To further demonstrate the value of these 3D chromatin contact maps, we applied these data to advance our understanding of human brain evolution. We first integrated a recent inventory of 2,104 human-gained enhancers active during cerebral corticogenesis⁸ with our Hi-C data (Extended Data Fig. 5a, Methods). As expected, regions that physically interact with human-gained enhancers were enriched with enhancers and promoters (Extended Data Fig. 5c); most interactions were within the same TAD (Extended Data Fig. 5d), although the majority of such contacts were relatively long-range (Extended Data Fig. 5b).
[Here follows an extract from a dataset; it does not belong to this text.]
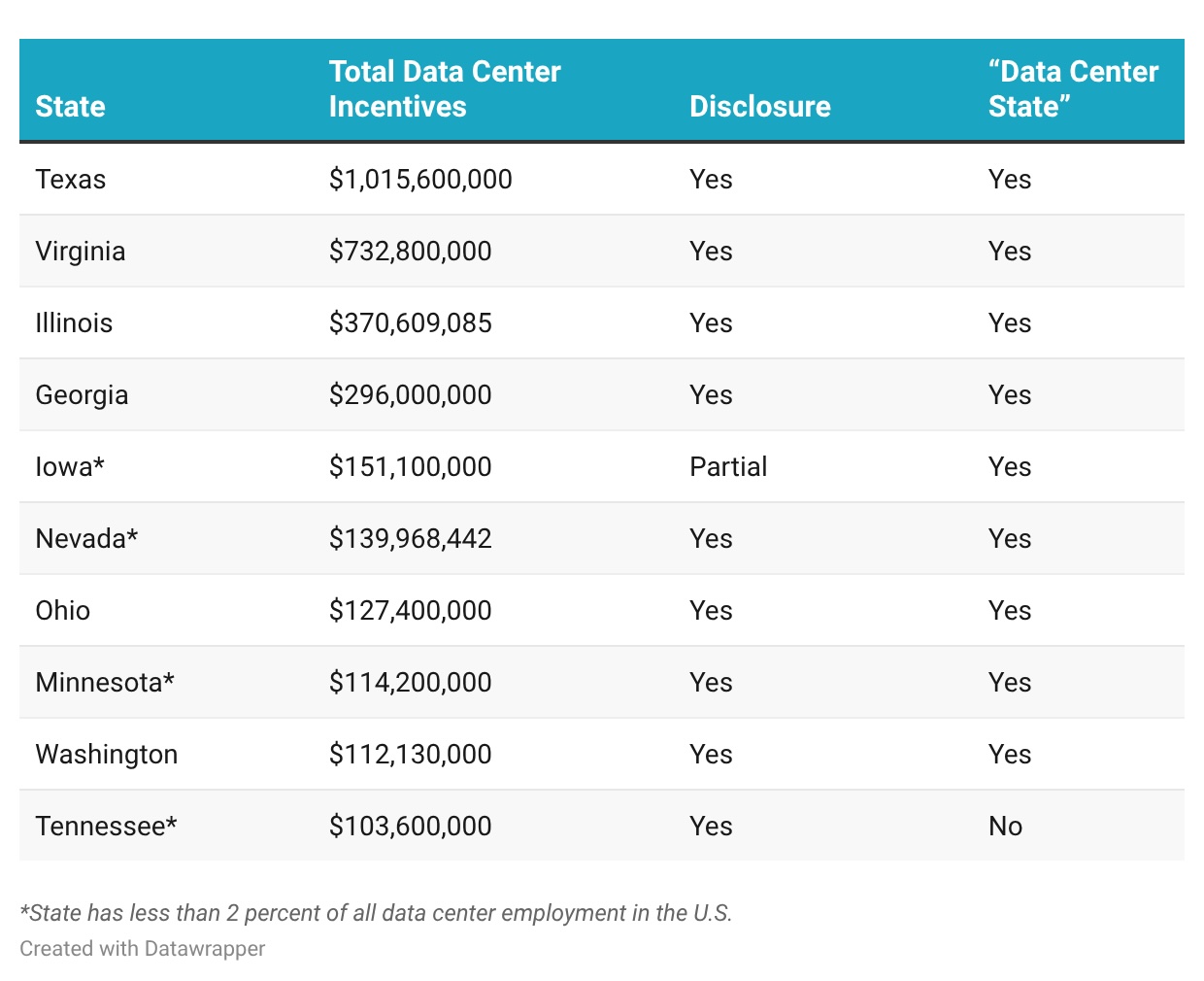 Table 6. Highest Data Center Incentive States, Disclosure, and Employment

Most enhancers (~65%) were not interacting with adjacent genes (Fig. 2a) and a substantial number (~40%) of genes interact with human-gained enhancers (Hi-C_evol genes) in a brain-specific manner, emphasizing the importance of defining tissue-relevant chromatin contacts (Fig. 2b). These brain-specific Hi-C_evol genes were highly enriched for neuronal specific functions such as axon guidance and synaptic transmission, whereas genes defined by Hi-C interactions in non-neuronal cells were not (Extended Data Fig. 5e, 6a, b). A notable case is a human-gained enhancer that interacts with a gene ~500 kb away in CP, ARHGAP11B, a recently discovered human-specific gene implicated in the expansion of human neocortex¹⁹ (Fig. 2e).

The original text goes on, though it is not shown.